19 Ocak 2012 Perşembe

prof. dr. fahir borak

Prof. Dr. Fahir BORAK 
Yedi tepe Üniversitesi
Mühendislik Mimarlık Fakültesi


Sayın Fahir Borak,
ÇNAEM’de (Çekmece Nükleer Araştırma ve Eğitim Merkezi) Reaktör İşletme ve Elektronik Bölümlerinde 18 yıl çalıştım. 1978 yılında emekli olup  Bodrum’un Turgutreis beldesine yerleştim. Aşağıda sayılan alanlarda yaptığım çalışmalar bana başlangıçta hesapta olmayan bazı özellikler kazandırdı.

Çevre, tüketim, trafik, sağlık, vergi, rüşvet, iş ahlakı (Ahilik), milli servet, imar ve her şeyi devletten bekleme vb alanlarda başlattığım, “okul dışı eğitim” olarak tanımladığım, bazıları yerel bazıları merkezi yönetimin sorumluluk alanına giren, insanı, davranışlarını ve nedenlerini araştırdığım, beni bilinçlendiren ve bencillikten kurtaran çalışmaları yaparken yaşam biçimim kökten değişti: 

*     “Yasa bağımlısı” oldum.
*     Kendimi tanımağa başladım.
*     Diğerkâm bir kişilik edindim.
*     Çocuklukta içtiğimiz AND’ımızda yer alan “yurdu ve milleti özden çok sevme ilkesi”ni özümsedim.
*     Edindiğim “tecrübi bilgi” ile işlevi aşağıda açıklanan Bilinç Üniversitesi’ni kurdum.

YENİ BİR BİLİNÇ KAVRAMI GELİŞTİRDİM: Bilincin sözlükte, “YETİ” şeklinde soyut bir kavram olarak tanımlandığı görülüyor. Yukarıda sayılan alanlarda yaptığım çalışmalarda bilinci SORUMLULUK kavramıyla bütünleştirdim. Ete kemiğe büründürdüm… Einstein’ın enerji formülünden esinlenerek:

Bilinç = Zaman X Çaba’nın karesi

şeklinde bilimselleştirdim…

İnsan soyunun bir felâkete yöneldiğini gören Erich Fromm, “Sahip Olmak ya da Olmak” adlı eserinde SORUMLULUK konusunda:

“İnsan yapacağı bir seçme ile ya yok olacak ve kendisi ile birlikte tüm canlıları ortadan kaldıracak  ya da yaşamını ve gelişimini sürdürmeye devam edecektir. Bu kötü gidişten kurtulmanın tek yolu, insanların ve onları yönlendiren toplumsal yapıların kökten değiştirilmesidir.Böylesi bir SORUMLULUKLA karşı karşıya  olan insanlığın doğru yolu bulabilmesi için, davranışlarını  şimdi yaptığı gibi “sahip olmak” ilkesine göre değil, “olmak” ilkesine göre değiştirmesi gerekir…

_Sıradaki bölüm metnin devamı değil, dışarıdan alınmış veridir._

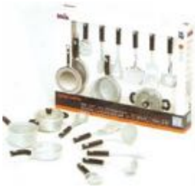
SET CACEROLAS Y UTENSILIOS REF 27-9428

Mala, mülke, şöhrete, insana, bilgiye “sahip olmak” demek, onları ele geçirmek, kendine mal etmek, onlara egemen olmak ve dilediğince kullanmak anlamına gelir. Ama insan hiçbir zaman yeterince şeye sahip olamayacaktır. Çünkü maddesel olan, elle tutulan aldatıcı ve geçicidir.

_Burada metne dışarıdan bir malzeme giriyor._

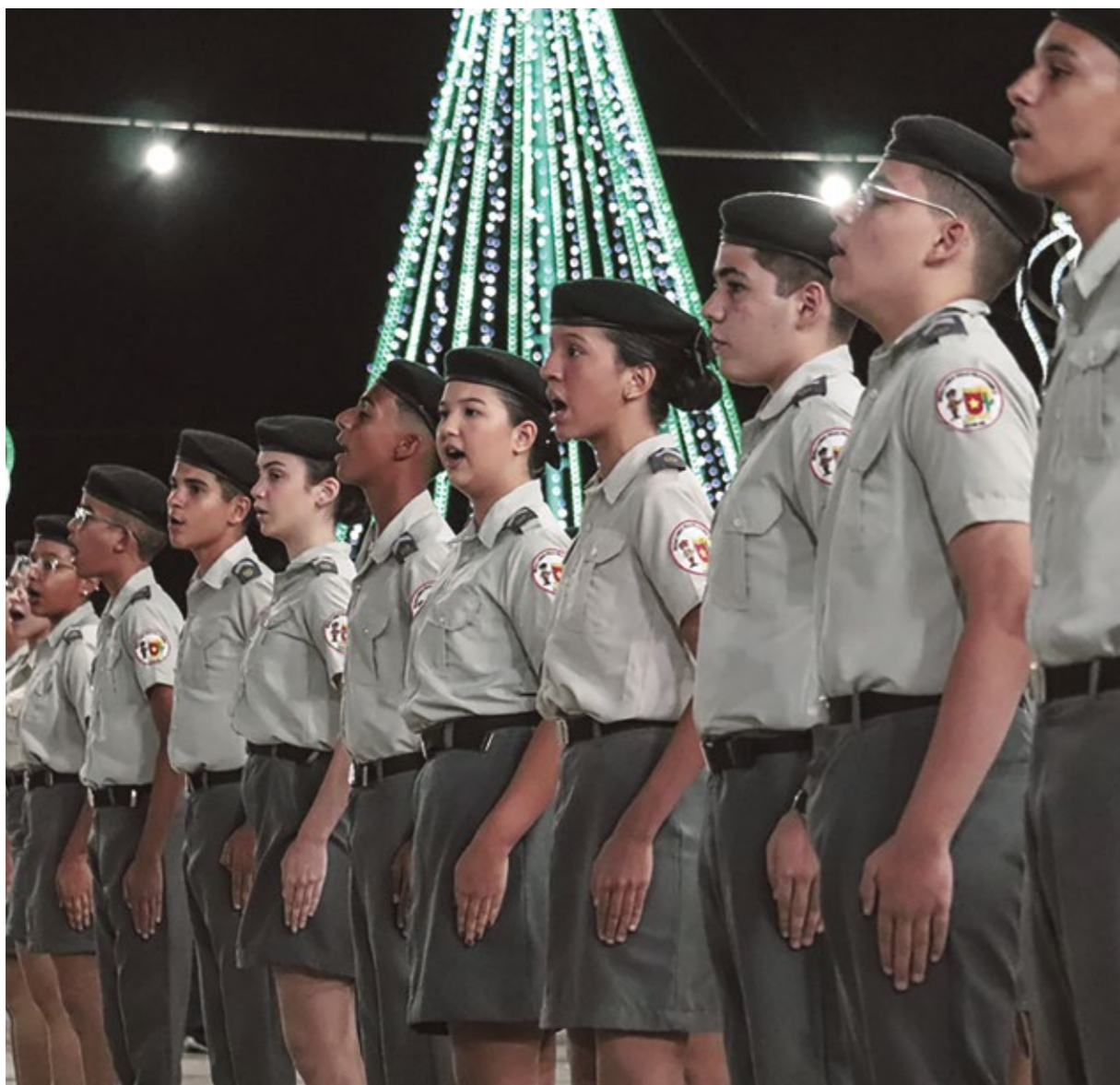
FORMATURA DE POLICIAIS MIRINS

“Sahip olmak”ın karşıtı olan “olmak” ilkesiyle yaşayan insan ise; hiçbir şeyi kendine mal etmeye ve ona egemen olmaya çalışmaz. Her şeyi kendi bütünlüğü, canlılığı ve gelişimi içinde SEVER. Böyle davranan bir insan, evrimleşmeye çalışır. “Olmak” sözcüklerle anlatılamayan, bir özellik, bir süreç, bir canlılıktır.” diyor.

Ruhbilim Uzmanı Ergün Arıkdal, Pozitif Yaşam adlı kitabında:
“İnsana SORUMLULUK yükleyen bilgi, kitabi bilgi değil, bizzat uygulanarak  idrak edilmiş ve hazmedilmiş olan bilgidir. Böyle bir bilgi, artık o insanın öz malı haline gelmiş ve bir yaşam düsturu olmuştur. Yeri ve zamanı geldiğinde insanın o bilgiyi kullanması gerekir; kullanmadığı takdirde hesap sorulmayı hak eder.” diyor.

Çevrenin kirletilmeyeceğini, trafik kurallarının ihlâl edilmeyeceğini, vergi kaçırılmayacağını (kul hakkının yenmeyeceğini) bilmeyen yoktur.  Oysa, bu yolsuzlukları yapmayan parmakla gösterilecek kadar azdır. Bunun nedeni: “kitabi bilgi”dir. Her gün 15-20 can alan, ihmâl ve dikkatsizlik sonucu olduğu ifade edilen trafik kazalarının nedeni de: “kitabi bilgi”dir.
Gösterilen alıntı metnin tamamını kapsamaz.